China among 130 countries to back global minimum corporate tax of at least 15 per cent
- Paris-based Organisation for Economic Cooperation and Development says a global minimum corporate income tax of at least 15 per cent could yield around US$150 billion in additional revenues annually
- Group of 7 agreed to the rate in June, and now the broader agreement will go to the Group of 20 for political endorsement at a meeting in Venice next week
Most of the countries negotiating a global overhaul of cross-border taxation of multinationals have backed plans for new rules on where companies are taxed and a tax rate of at least 15 per cent, they said on Thursday after two days of talks.
The Paris-based Organisation for Economic Cooperation and Development, which hosted the talks, said a global minimum corporate income tax of at least 15 per cent could yield around US$150 billion in additional global tax revenues annually.
It said 130 countries, representing more than 90 per cent of global gross domestic product, had backed the agreement at the talks.

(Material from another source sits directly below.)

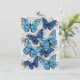 Verticale samenstelling van realistische, blauwe en witte morfovlinders op grijze getextureerde achtergrond. Morpho blauwe vlinder.
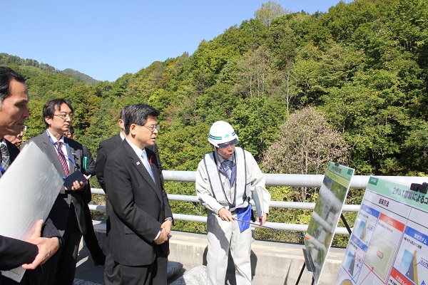 三笠ぽんべつダムについて説明を受ける石井大臣

New rules on where the biggest multinationals are taxed would shift taxing rights on more than US$100 billion of profits to countries where the profits are earned, it added.
“They will no longer be able to avoid paying their fair share by hiding profits generated in the United States, or any other country, in lower-tax jurisdictions.”
The minimum corporate tax does not require countries to set their rates at the agreed floor, but gives other countries the right to apply a top-up levy to the minimum on companies’ income coming from a country that has a lower rate.
Technical details are to be agreed by October so that the new rules can be implemented by 2023, a statement from countries that backed the agreement said.
The nine countries that did not sign were the low-tax European Union members Ireland, Estonia and Hungary as well as Peru, Barbados, Saint Vincent and the Grenadines, Sri Lanka, Nigeria and Kenya.
Holdouts risk becoming isolated because not only did all major economies sign up, but so did many noted tax havens such as Bermuda, the Cayman Islands and the British Virgin Islands.
Irish Finance Minister Paschal Donohoe, whose country has attracted many big US tech firms with its 12.5 per cent corporate tax rate, said he was “not in a position to join the consensus,” but would still try to find an outcome he could support.
“I have expressed Ireland’s reservation, but remain committed to the process and aim to find an outcome that Ireland can yet support,” he said.
Donohoe said he supported “Pillar One” which proposes a reallocation of a proportion of tax to the country where the profit is earned, as it would “bring stability and certainty to the international tax framework.”
But he told journalists he objected to the minimum rate contained in “Pillar Two” and would “continue to make the case on issues that matter to Ireland.” He declined to say what those issues were.
“When we approach October, we will be even clearer regarding what an agreement will look like. And we will negotiate and engage up to that point,” he said.
Some of the countries who agreed to sign the agreement may have to work to justify the decision domestically, he added.
“Any minister, having made the decision today will have to explain that decision to their parliament and their governments,” he said.
Ireland has said it wants any deal to allow small countries to use tax competition as a lever to compensate for the natural advantages enjoyed by larger countries in attracting jobs and investments. Critics say low-tax countries like Ireland enjoy a disproportionate share.
Donohoe has also called for any final deal to allow companies to offset part of their tax bills through research and development.
In the European Union, the deal will need a law to be passed, most likely during France’s presidency of the bloc in the first half of 2022, and that will require unanimous backing from all members.
Welcoming the deal as the most important international tax deal reached in a century, French Finance Minister Bruno Le Maire said he would try to win over those holding out.
“I ask them to do everything to join this historical agreement which is largely supported by most countries,” he said, adding that all big digital corporations would be covered by the agreement.
The new minimum tax rate of at least 15 per cent would apply to companies with turnover above a €750 million (US$891 million) threshold, with only the shipping industry exempted.
The new rules on where multinationals are taxed aims to divide the right to tax their profits in a fairer way among countries as the emergence of digital commerce had made it possible for big tech firms to book profits in low tax countries regardless where they money was earned.
Companies considered in scope would be multinationals with global turnover above €20 billion and a pre-tax profit margin above 10 per cent, with the turnover threshold possibly coming down to €10 billion after seven years following a review.
Extractive industries and regulated financial services are to be excluded from the rules on where multinationals are taxed.
Implementation of the deal could still prove rocky not least in the US Congress, where Representative Kevin Brady, the top Republican on the tax-writing US House Ways and Means Committee, described it as “a dangerous economic surrender that sends US jobs overseas, undermines our economy and strips away our US tax base.”
The head of the International Monetary Fund (IMF) on Thursday welcomed an agreement, and said work would continue to bring others into the fold.
“Very clearly, this train finally has left the station,” IMF managing director Kristalina Georgieva told reporters. “Work will continue to make sure that the countries that are not yet on board … can recognise their own interests,” she added.